How does the TurboGrafx-16 Splatterhouse compare to other home versions?
Splatterhouse received several home conversions from the 1988 arcade original. The TurboGrafx-16 version is widely considered the most faithful — it preserves the arcade's graphic content and character scale that other home ports couldn't reproduce. The PC Engine (Japanese TG16) version had some content censored; the Western TurboGrafx-16 version had a warning label but maintained the arcade content more completely. The NES (Famicom) received a different game rather than a direct port. The TG16 version's accuracy to the arcade was the primary reason for its recommendation over contemporaneous alternatives.
Is Splatterhouse available on modern platforms?
The original arcade Splatterhouse appeared in Namco Museum compilations. The TurboGrafx-16 version was available on Wii Virtual Console. A modern reboot, Splatterhouse (2010), was released for PS3 and Xbox 360, featuring Rick and the Terror Mask in a reimagined version with updated combat. The original TurboGrafx-16 and arcade versions are the most historically relevant versions. Original TurboGrafx-16 HuCards are available through retro game retailers.
What weapons can Rick use in Splatterhouse?
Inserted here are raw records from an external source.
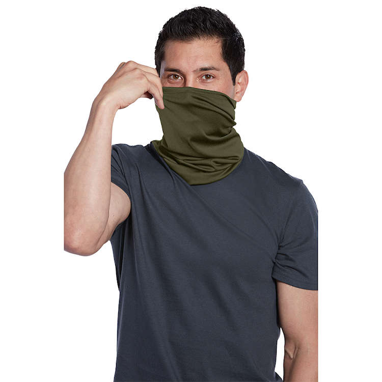 This gaiter serves as a multifunctional, versatile face covering as well as a headband, neckerchief, hood and sun guard. Pull over head, arrange at neck and pull up to cover head and face as desired.
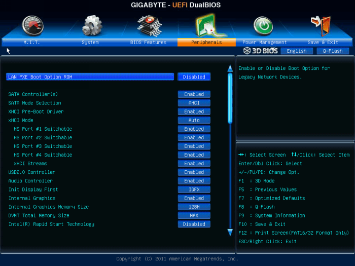 Следующая вкладка — Peripherals — позволяет осуществлять контроль над всеми контроллерами, расположившимися на материнской плате. LAN PXE Boot Option ROM позволяет включить возможность загрузки по сети для встроенного адаптера. Также здесь можно отключить контроллер SATA (единственный на этой плате, но такова плата за универсальность кода) и выбрать режим работы этого интерфейса. Далее идет группа опций, отвечающих за совместимость USB 3.0 портов со старыми устройствами. В частности, можно принудительно заставить этот интерфейс работать как USB 2.0 до загрузки операционной системы или доверить выбор автоматике. При подключении совместимого с новым стандартом устройства маршрут будет изменен с EHCI на xHCI. Среди них же можно включить поддержку многопоточности для USB 3.0.
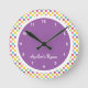 O relógio colorido da Bolinhas do banheiro da Garota Púrpura personalizado com seu nome. Parte de um grande conjunto de quartos de bolinhas arco-íris.
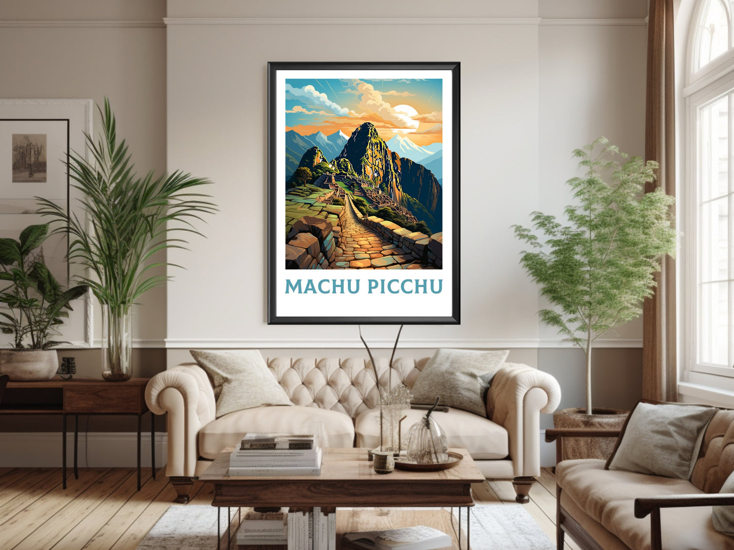 Notre affiche vintage du Machu Picchu – Ruines incas – plonge votre intérieur dans les merveilles antiques du Machu Picchu au Pérou grâce à son design nostalgique. Parfaite pour les passionnés de voyages et d'art rétro, elle capture les ruines brumeuses et les sommets andins dans un style intemporel. Que vous ayez parcouru ses sentiers ou rêvé de son mystère, cette affiche vintage du Machu Picchu sera un ajout magnifique à votre décoration.
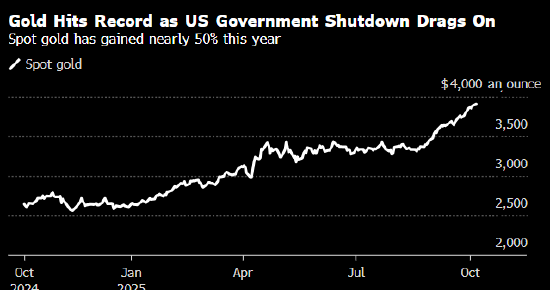 金价一度上涨至每盎司3920.63美元,随后回吐部分涨幅。美国联邦政府停摆导致原定于周五发布的美国就业数据推迟,使得本已不明朗的经济前景更加扑朔迷离。
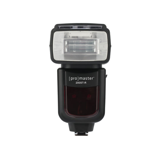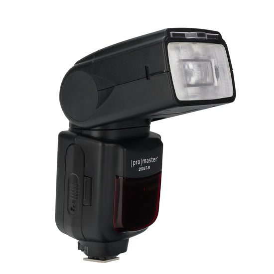 The ProMaster 200ST-R Speedlight works with your DSLR camera to provide powerful light, TTL exposure, and a wide range of advanced features including HSS high-speed sync, second curtain sync, and more. The articulating head can be adjusted for a variety of swivel and bounce positions; and is compatible with many light modifiers. The 200ST-R's powerful guide number of 60m/200ft combined with 200mm zoom head can illuminate subjects from afar. The built-in wireless 2.4 GHz radio TTL system provides expanded off-camera lighting options when commanded by a ProMaster ST1 transceiver. Wireless non-TTL (F1 and F2 modes) optical slave is also on-board. NOTE: Not compatible with mirrorless camera systems.
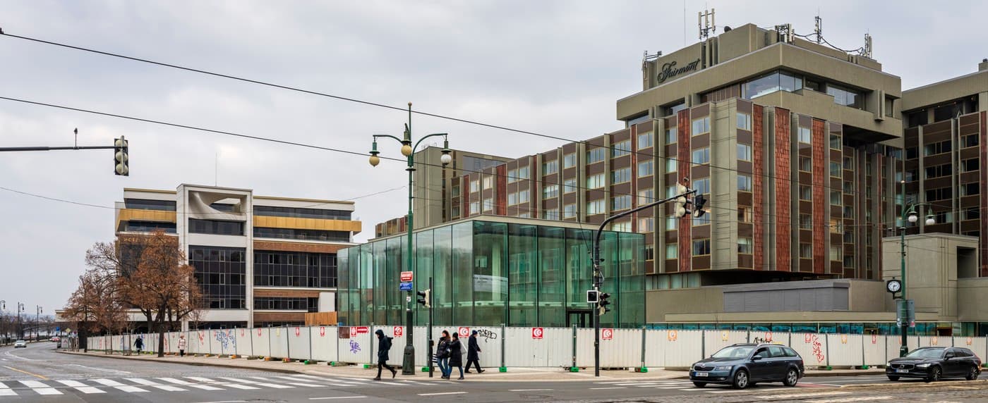 Hotel InterContinental ve vlastnictví kanceláře R2G podnikatelů Oldřicha Šlemra, Eduardy Kučery a Pavla Baudiše se rekonstruoval od roku 2021, otevřít se má letos na jaře. Součástí projektu, který architekt Marek Tichý nazval Staroměstská brána, byly dvě prosklené novostavby. Proti té větší, kterou by architekti umístili na náměstí Miloše Formana s pracovním názvem Brand Store, se zdvihl odpor a proti stavbě se postavila ministerstva kultury a místního rozvoje. Druhá, postavená blíže Vltavě a pojmenovaná Concept Store, pozornosti unikala.
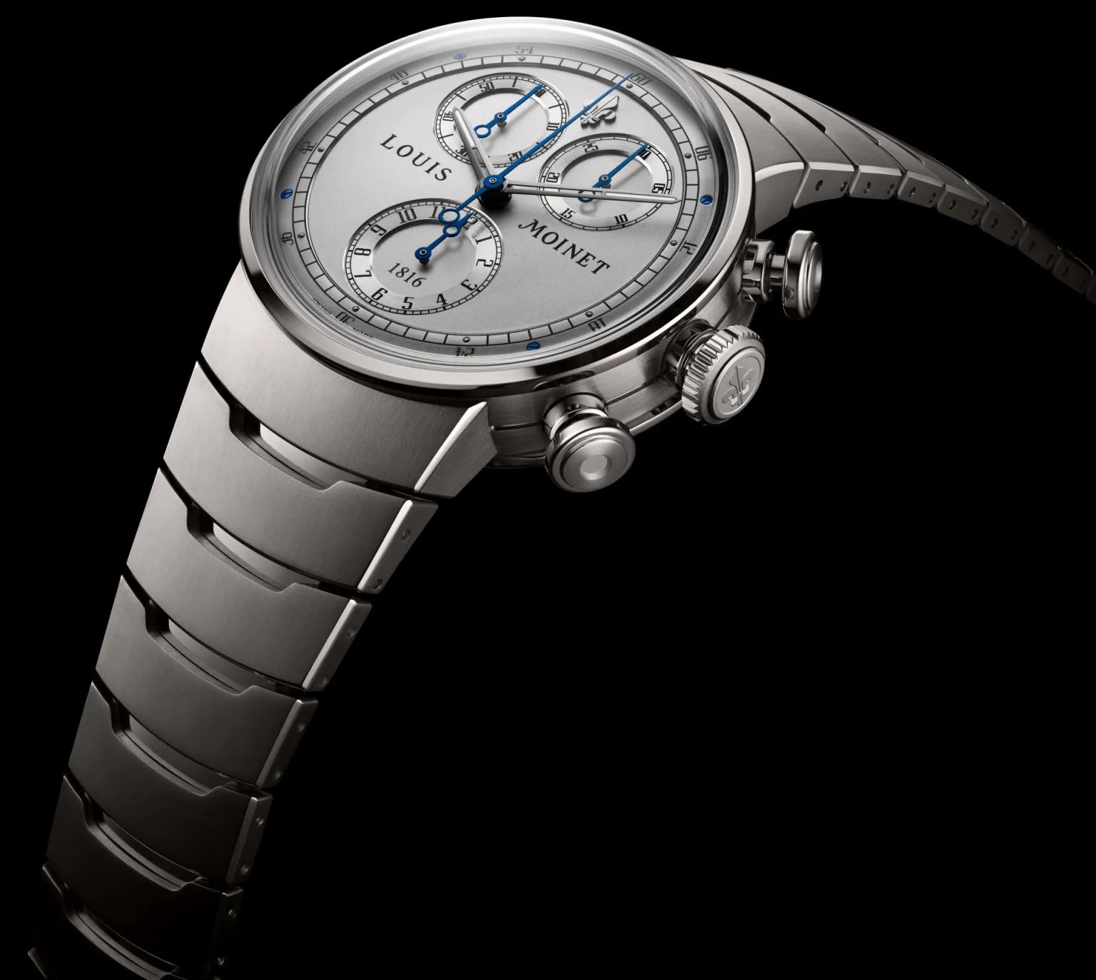 Unexpectedly, it comes on an integrated grade 5 titanium bracelet. The brand’s first metal bracelet, it features a mix of satin and polished finishing. The new Louis Moinet 1816 Chronograph has an Australian RRP of $52,000.
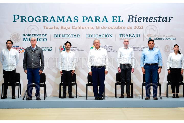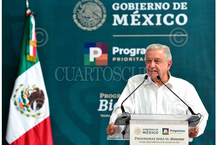 Andrés Manuel López Obrador durante la presentación de Programas para el Bienestar en Tecate, Baja California.
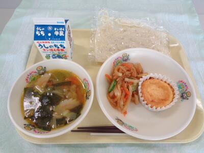 チーズケーキは、給食室で調理員さんたちが手作りをしてくれました。
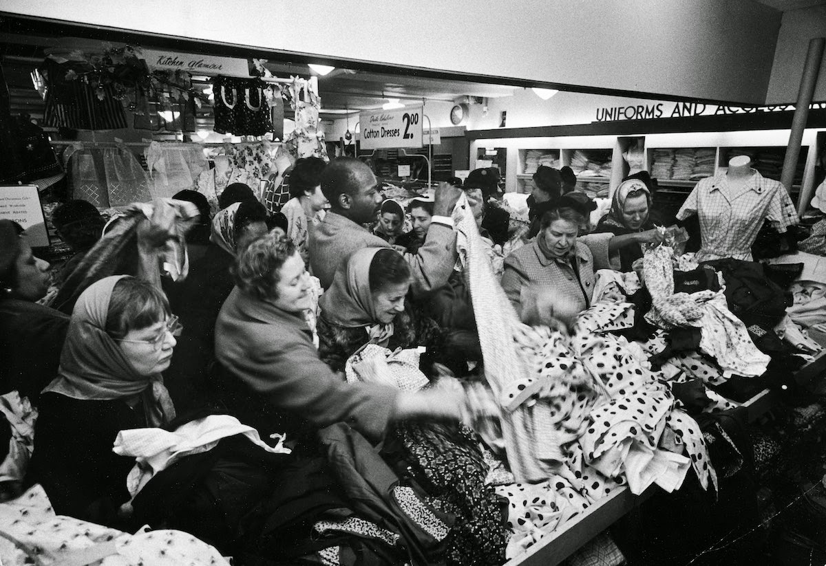 December 1955. A frenzied crowd of women grab at dresses during a Christmastime bargain sale. IMAGE: RALPH MORSE/LIFE MAGAZINE/THE LIFE PICTURE COLLECTION/GETTY IMAGES |
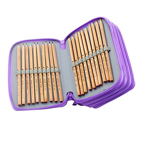Gunsamg Pencil/Gel Pen/Watercolor Pencil Case 72 Slots Portable Wrap Case (Purple)
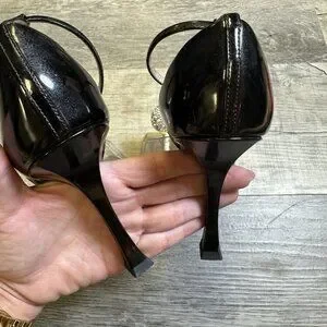 • Color / Material: Black patent leather, clear PVC, silver-tone insole

Splatterhouse's Rick fights with bare hands by default — his punch combo is powerful enough for most enemies. Found weapons dramatically increase offensive options. Wooden boards appear throughout the mansion and can be picked up for a longer-range swing attack. A cleaver appears in later stages for powerful close-range attacks. A shotgun appears in certain sections for ranged combat. 2x4 boards with nails increase the swing's damage. Weapons are limited — each has a finite number of uses — and Rick returns to bare-hand combat when they break or run out. Weapon management is relevant: conserving the shotgun for boss encounters versus using it on approaching enemy groups is a recurring decision.